Mr. Trump’s trade brinkmanship began in April, when he imposed and then repealed a massive list of exorbitant tariffs in an attempt to reach trade agreements across the world. During that 90-day break, the majority of economists warned that if his tariffs were implemented, they would cause significant economic harm. This week, as the president intensified his strategy, they reiterated their warnings.

Douglas Holtz-Eakin, the president of the conservative American Action Forum, stated, “Whatever is in place at the end of the day is going to get passed along; it’s just a matter of when.”
The president’s responsibilities, including those in the next month, will result in an average household income loss of $2,300 this year, according to the nonpartisan Yale Budget Lab.

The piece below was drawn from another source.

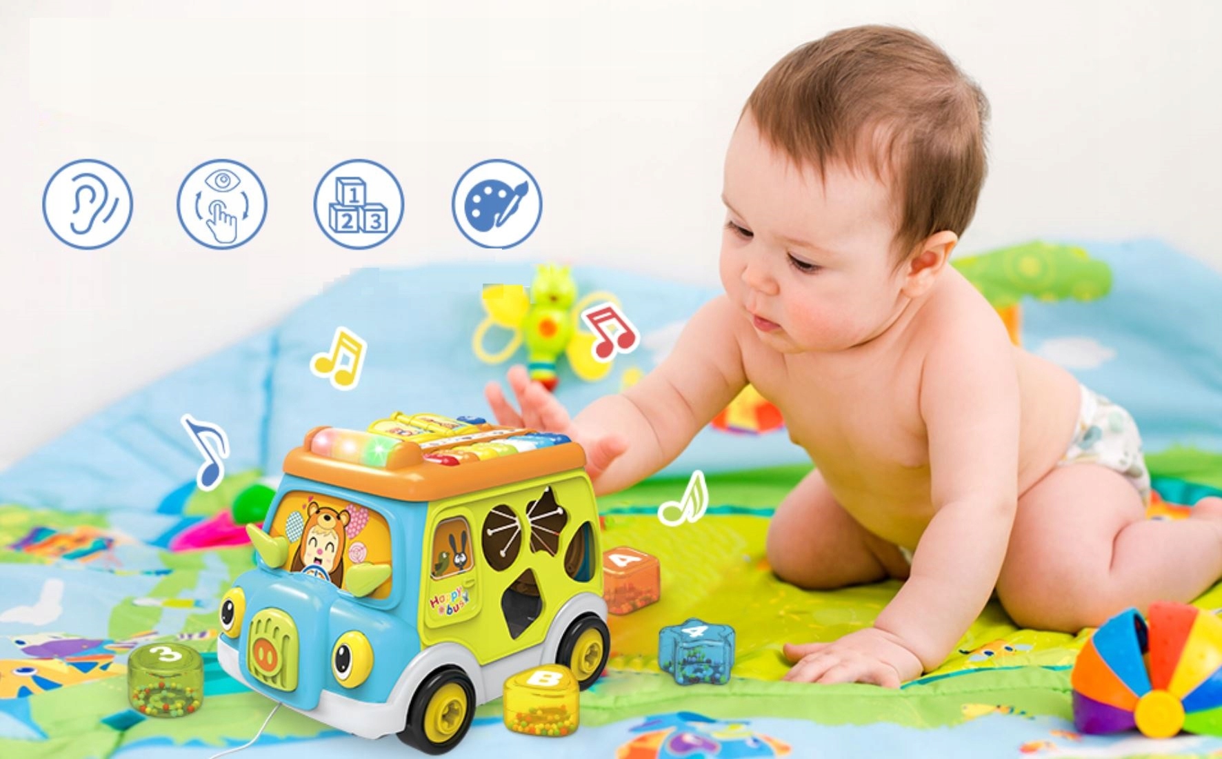 Благодаря отвертке ваш ребенок разовьет навыки ручного труда и открутит колеса на автобусе, превратится в маленькую мастером на все руки и на основе ассоциаций будет стимулировать его творческие способности. Сортировщик позволит вам сопоставлять отдельные фигуры с соответствующими отверстиями, влияя на творческие способности малыша, а заднее отверстие позволит вам самостоятельно вытащить все кубики, чтобы играть снова. Красочное пианино на крыше позволит вашему ребенку превратиться в маленького музыканта.

However, the White House has consistently refuted similar projections and generated its own estimations. On Tuesday, it discovered that the cost of imported items has decreased more since February than the cost of all commodities. While economists later challenged some of the report’s findings, Mr. Trump’s senior advisers claimed that it demonstrated that the president’s tariffs were not causing “an acceleration of inflation.”
“There’s no sustained pattern of a tariff-driven price pressure anywhere,” Stephen Miran, the head of the White House Council of Economic Advisers, told CNBC.
The Federal Reserve has been paralyzed by the enormous uncertainty, particularly around tariffs, and has maintained borrowing costs unchanged for months as it waits to see the full impact of Mr. Trump’s policies. Jerome H Powell, the head of the Fed, whom Mr. Trump has dubbed “Mr. Too Late” for not lowering borrowing rates as he has asked, has given the president a handy “fall guy.”
“Blaming bad economic data on an ‘incompetent’ Fed chair can almost suit you as president ending up with things like tariffs, inflation and pushing down growth” said Mark Dowding, the chief investment officer.